Comment by jsheard

8 hours ago

Does anyone know if M3 support is likely to lead to M4 or M5 support in relatively short order? AIUI M3 took a long time because it was a substantial departure from M1/M2, especially in the GPU architecture, but I don't know if M4 or M5 made similar leaps.

The main reason M3 took a long time isn't related to m3 itself, but rather that the asahi project took on a ton of tech debt to get M1/M2 working. M3 wasn't too difficult, but before taking on the additional tech debt, the Asahi team focused on getting all of their changes upstreamed to the linux kernel.

  • The main developer was also the target of a harassment campaign from a place that has pushed other targets to straight up suicide. That took almost all of their energy for the last year and they ended up quitting.

    •    > The main developer was also the target of a harassment campaign from a place that has pushed other targets to straight up suicide.
      

      Is this the Torvalds/Hector dispute that comes on the Google AI summary, or was this a three-letter agency type of harassment faced by Aaron Swartz?

      5 replies →

  • Prognosis is then that work for m4/m5 should be relatively straight line now that refactoring is done?

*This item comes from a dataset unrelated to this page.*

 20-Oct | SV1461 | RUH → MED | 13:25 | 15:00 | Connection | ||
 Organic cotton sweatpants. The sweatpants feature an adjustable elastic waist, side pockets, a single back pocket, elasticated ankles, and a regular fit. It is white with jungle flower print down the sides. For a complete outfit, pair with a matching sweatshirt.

M4 is apparently even harder because of some new hardware-level page table protections.

Source from Asahi contributor: https://social.treehouse.systems/@sven/114278224116678776

The M5 reportedly has a newer generation GPU compared to the M3/M4. For one thing, the GPU-side Neural Accelerators are obviously new to the M5 series. Other stuff is harder to know for sure until it gets looked into from a technical POV.

  • It’s not like neural accelerators on non-Apple consumer hardware get much use on Linux, either, so that does not sound like much of a dealbreaker.

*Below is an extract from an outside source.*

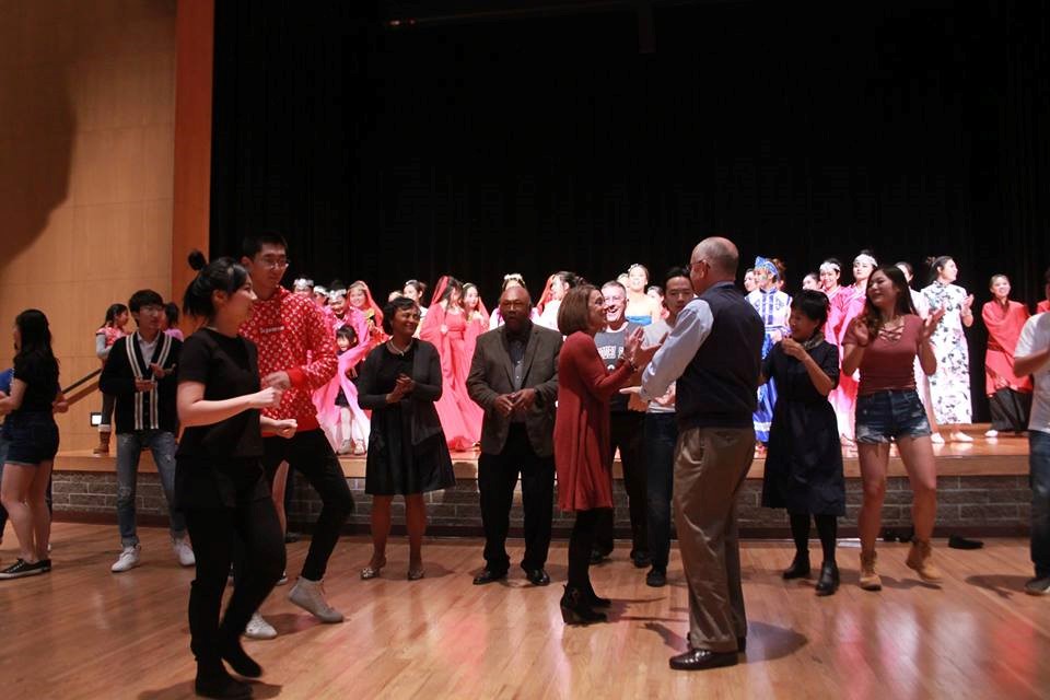 The closing dance was surprisingly a traditional American line dance. At the end of the show, all the dancers came out and invited the audience to the front to dance together. President Smart and his wife Gail’s “solo dance” ended the successful dance show.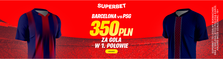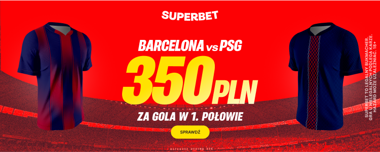 Postaw pierwszy kupon singiel na gola w 1. połowie meczu Barcelona – PSG, a jeśli Twój kupon okaże się wygrany, otrzymasz ekstra bonus 350 PLN.

    • The matrix/tensor math units added to GPUs do see widespread use, both for running LLMs and for the ML-based upscaling used by most video games these days (eg. NVIDIA DLSS). The NPUs that are separate from the GPU and designed more with efficiency in mind rather than raw performance are a different thing, and that's what's still looking for a killer app in spite of all the marketing effort.